Surface-network simulation technology was first introduced in 1976.1 Although successfully applied in selected cases, the concept was not widely adopted because of the excessive additional computing demands on computers of that era. In those earlier applications, the time consumed by the facility calculations could actually exceed the reservoir calculations.2,3 As computer performance has increased by orders of magnitude, this has become less of an issue. Reservoir model sizes have increased dramatically with much finer grids that take advantage of the increased computer power, but there was no need for a corresponding increase in the size of the facility models. Today, with tightly coupled reservoir/wellbore/surface models, the facility calculations are a fairly small part of the overall computing time and there is considerable effort in the industry to build these types of systems.4,5
Chevron's current tightly coupled oilfield simulation system is CHEARS®***/PIPESOFT-2™****. CHEARS® is a fully implicit 3D reservoir simulator with black-oil, compositional, thermal, miscible, and polymer formulations. It has fully implicit dual porosity, dual permeability options, and unlimited multiple-level local grid refinement. PIPESOFT-2™ is a comprehensive multiphase wellbore/surface-network simulator. It has black-oil, compositional, CO2, steam, and non-Newtonian fluid capabilities. It can solve any type of complex nested looping, both surface and subsurface. The coupling is done at the wellbore completion interval, which is the natural domain boundary between the flow systems. We refer to our implementation as "tightly coupled" because information is dynamically exchanged directly between the simulators without any intermediate intervention. A simple representation of the interaction between the simulators is shown in Fig. 1.
Gorgon Field Example
The following is an example of how this technology is currently being used. The Gorgon field is a Triassic gas accumulation estimated to contain over 20 Tscf of gas, located 130 km offshore northwest Australia in 300 m of water (Fig. 2). It is currently undergoing development studies for an LNG project.

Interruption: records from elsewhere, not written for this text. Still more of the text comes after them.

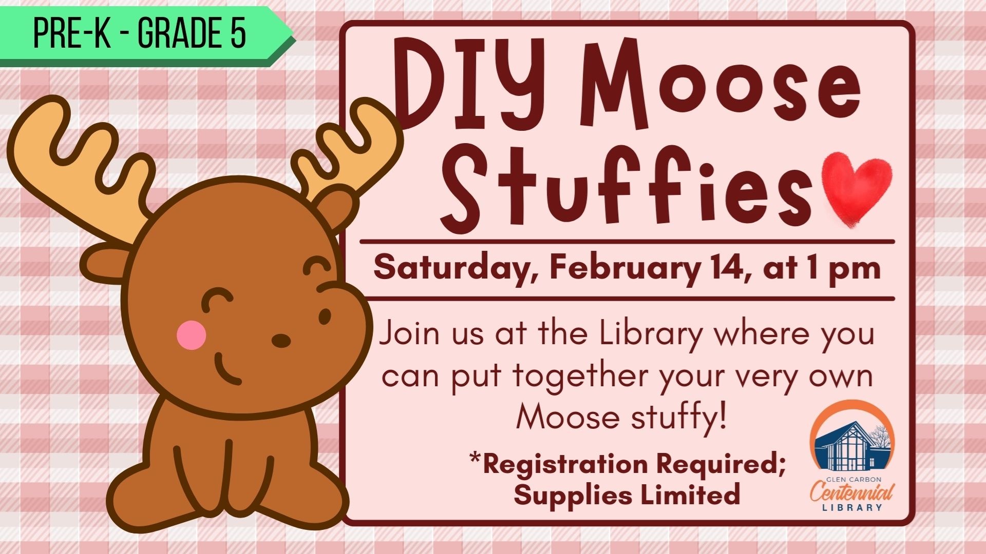 DIY Moose Stuffies Pre-K to Grade 5 Saturday, February 14, at 1 pm Join us at the library to make your very own moose stuffy! You will stuff your moose, name it, and make a wish to put inside. We'll then sit with our moose stuffies and do a short storytime.
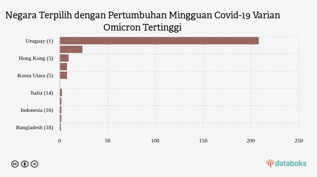 Virus Covid-19 varian Omicron (B.1.1.529) di dunia semakin menyebar dan telah mencapai 5,58 juta kasus pada Kamis, 05 Januari 2023. Uruguay mencatatkan penambahan kasus Omicron tertinggi di dengan pertumbuhan mingguan mencapai 207,69 persen. Di negara ini, GISAID mencatat jumlah penambahan kasus Omicron sebanyak 120 jiwa. Secara harian kasus di wilayah ini naik 207,69 persen dibandingkan hari sebelumnya.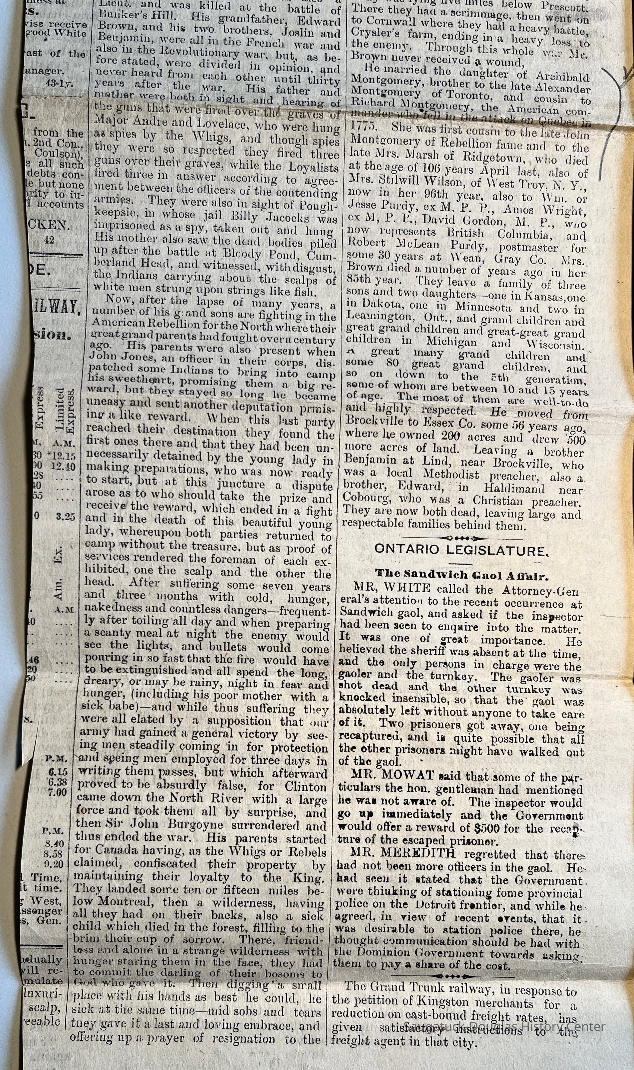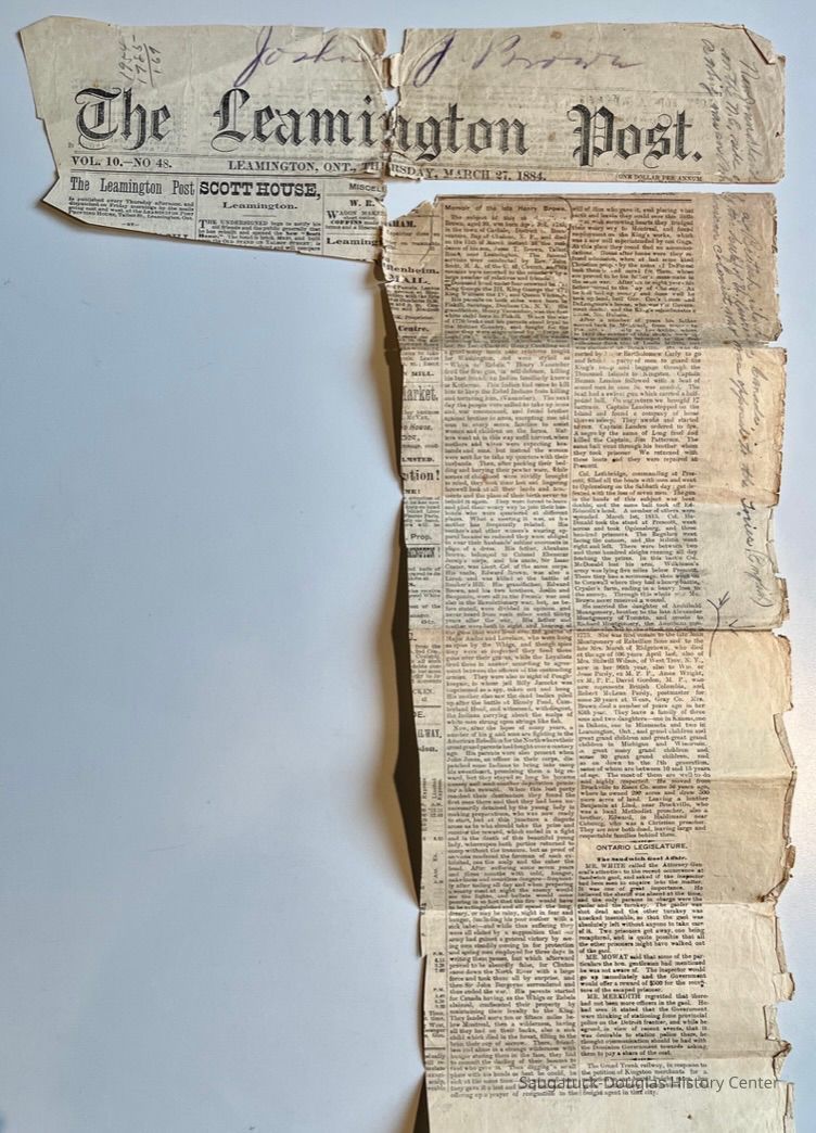 11 front - Newspaper clipping from the March 27, 1884 Leamington Post, Ontario, "Memoir of the late Henry Brown" who was born 1785 and died 11 March at residence of son Jesse T. Brown, near Leamington. The article describes the mayhem of the war of 1770 in Fiskill, Duchess County, New York and other conflicts as well as Henry Brown's ancestry. One photocopy of the clipping is pasted to the scrapbook pages, the other is loose.Collection

Field and Model Description.
The field is 45 km long and 9 km wide, and it comprises more than 2000 m of Triassic fluvial Mungaroo formation in angular discordance with a Jurassic-age unconformity. It has been subdivided into 11 vertical intervals (or zones) on the basis of regional sequence boundaries and depositional systems. These 11 zones were first modeled individually with an object-based modeling technique before being stacked into a 715-layer full-field geologic model.
This model was subsequently scaled up to a 46-layer reservoir simulation model, reducing the size of the model from 4.5 million cells to 290,000 cells. While the scaleup process preserved the original 11 zone boundaries, the majority of the layers were located in regions identified as key flow units. In addition to vertical subdivision, seismic and appraisal well data suggest structural compartmentalization, resulting in six major fault blocks. After deactivating appropriate cells, the final simulation model contained 50,000 active cells and was initialized with 35 independent pressure regions. Each of these regions corresponds to a single zone in a single fault block.